In Bangladesh, students protest eve teasing, police talk strategy

November 5, 2010 By HKearl

I just came across two articles about eve teasing in Bangladesh:

Protesters, Image via BBC

1. School and college students held a rally in Dhaka to protest against ‘eve teasing’ and the sexual harassment of women in the latest in a series of protests following a number of suicides and killings involving women subjected to bullying and harassment. The protesters are urging the Bangladesh government to take proper steps to curb sexual harassment and provide better protection for women.

Via BBC News:

“Unable to bear the insults, some women have committed suicide. Activists say stalking and sexual harassment has led to the deaths of more than 24 people, most of them women, since the beginning of this year. In recent days, some who have spoken out against sexual harassment have been murdered. A 50-year-old woman died after a motorcycle was driven over her when she protested against the bullying of her daughter last week. A college teacher who spoke out against such bullying was also murdered.”

Outrageous!

“Following the suicides and killings, the High Court has asked the government to take measures to prevent stalking. Officials in the district of Tangail are now offering karate training to all female school and college students. Learning martial arts makes girls better able to protect themselves, they say.”

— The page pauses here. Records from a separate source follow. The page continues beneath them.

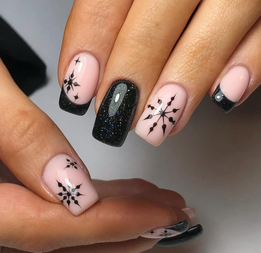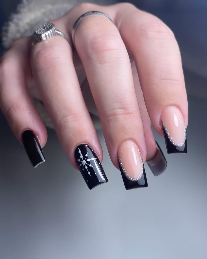 A sharp square French in glossy black meets a frosted halo of micro-beads plus one statement nail with a white snowburst. Clean, graphic, and endlessly wearable—call it quiet-luxury holiday nails.
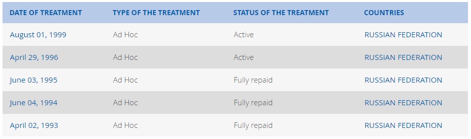Rusya, Paris Kulübü ile 1993, 1994, 1995, 1996 ve 1999 yıllarında borç yeniden yapılandırma anlaşmaları imzalamıştı.
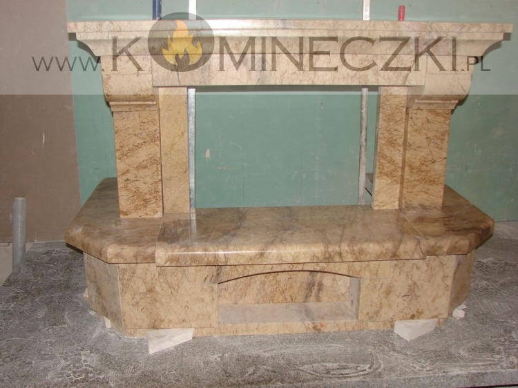 Obudowa kominka przedstawionego na zdjęciu wykonana jest z kamienia naturalnego.
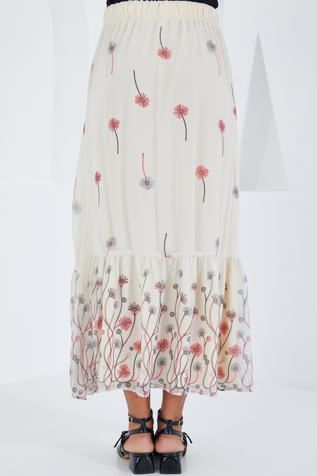 Kadın Ekru Desenli Şifon Etek 8010
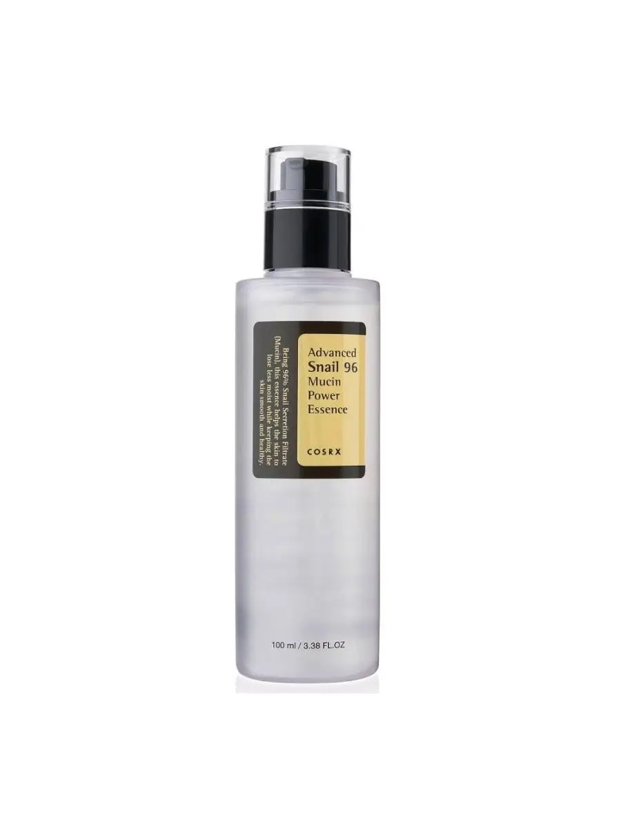 COSRX Advanced Snail 96 Mucin Power Essence, a highly active facial essence with 96% snail mucin, delivers a comprehensive effect on the skin thanks to its high concentration of snail mucin filtrate:
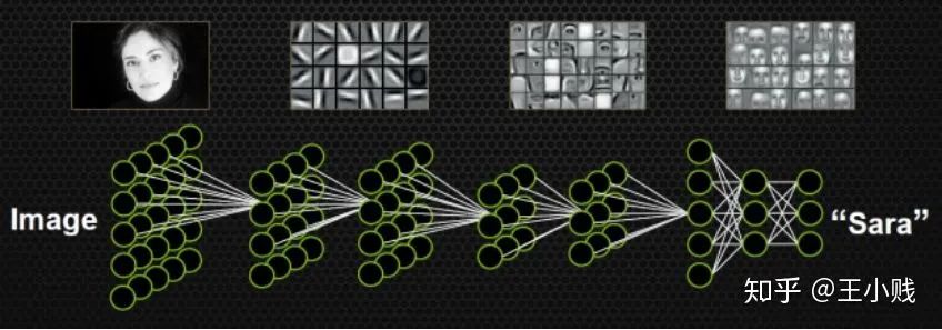 而通过一些对神经网络隐层的可视化我们也发现:比如下图的一个人脸识别的例子,神经网络在这个过程中先学到了边角的概念,之后学到了五官,最后学到了整个面部的特征。
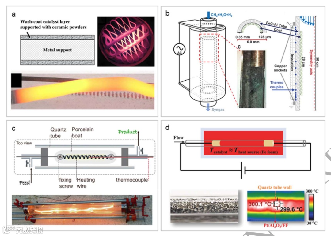 👉 图1展示了金属载体的电热催化应用:板式、管式、丝状及泡沫金属载体。这些载体利用焦耳热实现快速启动与高效热传递,如FeCrAl管式反应器用于甲烷蒸汽重整,其紧凑设计可使CO₂排放降低1%。但金属载体存在连接点能耗大、涂层易脱落、耐腐蚀性差等局限性。
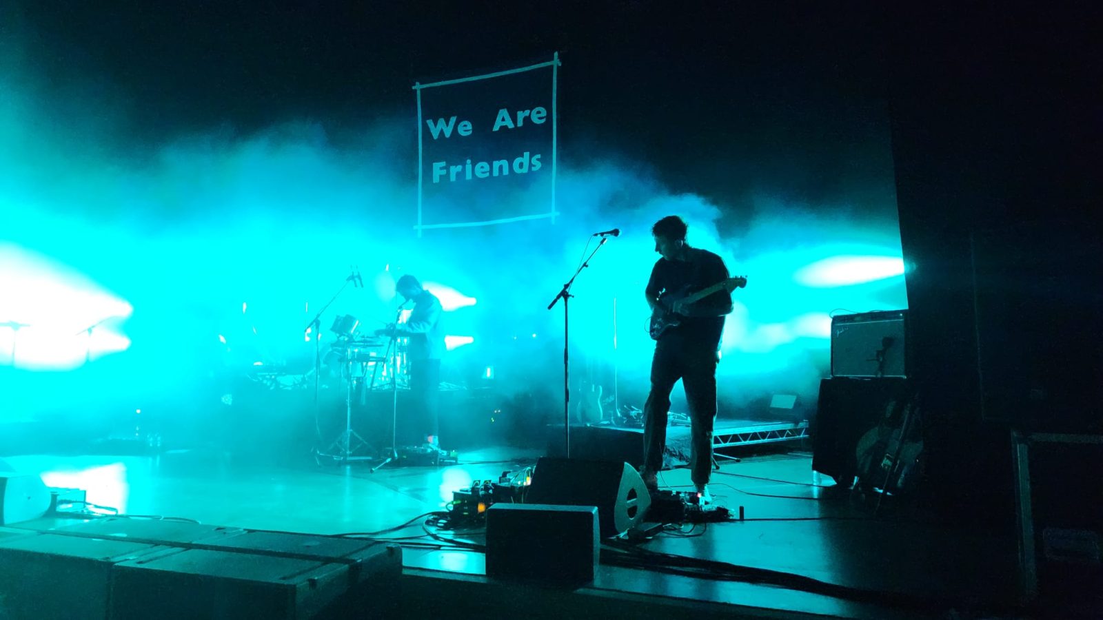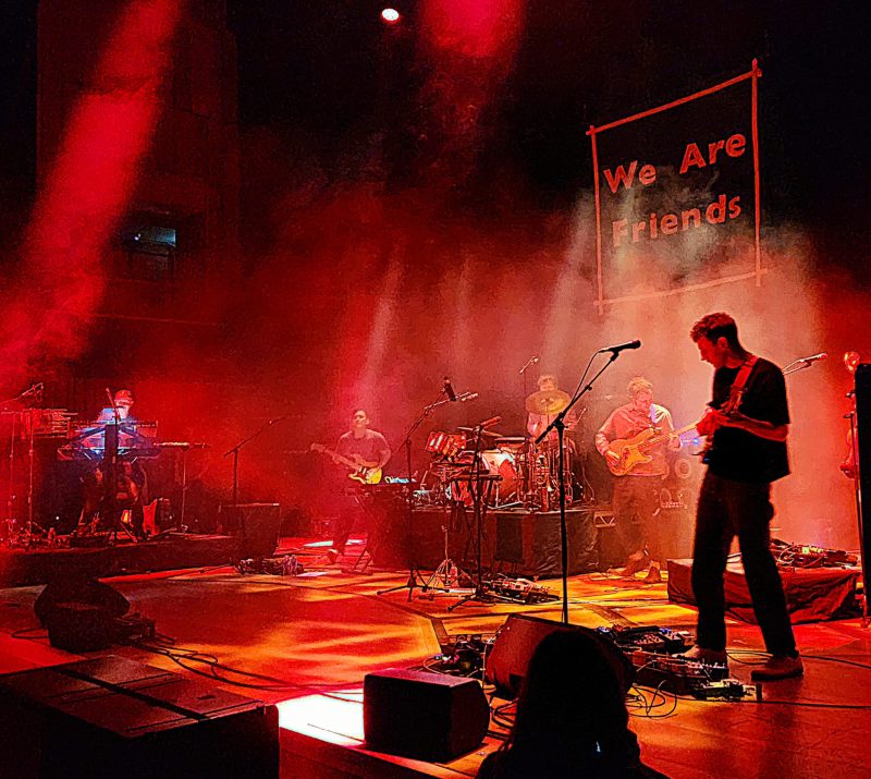 WE ARE FRIENDS the backdrop reads as fans applaud, with one barrier-clinging fan shouting “Welcome home!!” as Squid enter the stage and singer/drummer Ollie Judge references the band’s Bristol roots.

And will there also be trainings for boys and men to not harass girls and women?!

2. In the Daily Star, police talk about their strategies for dealing with eve teasing. Inspector General of Police (IGP) Hassan Mahmood Khandker requested the media to term ”eve teasing” as an offence so that harassers are held accountable. He said he is also considering assigning personnel to whom victims of harassment can send SMS for help.

Because there tends to be more harassment around festivals like Eid-ul-Azha, over 50 thousand additional law enforcers will span the country as of November 11.”A three-stage security arrangement will be designed to make sure the safety of people before, after, and on the Eid day,” Khandker said.

It is sad that it took suicides for people will take this issue seriously in Bangladesh (UNICEF even has programs there now, earlier this year the first jail sentences were given to harassers, and the government declared an Eve Teasing Protection Day). And now, in many ways, Bangladesh is doing more than many countries – including the US – to deal with this issue. Will it take suicides in the US before stakeholders pay attention? Apparently murders aren’t enough.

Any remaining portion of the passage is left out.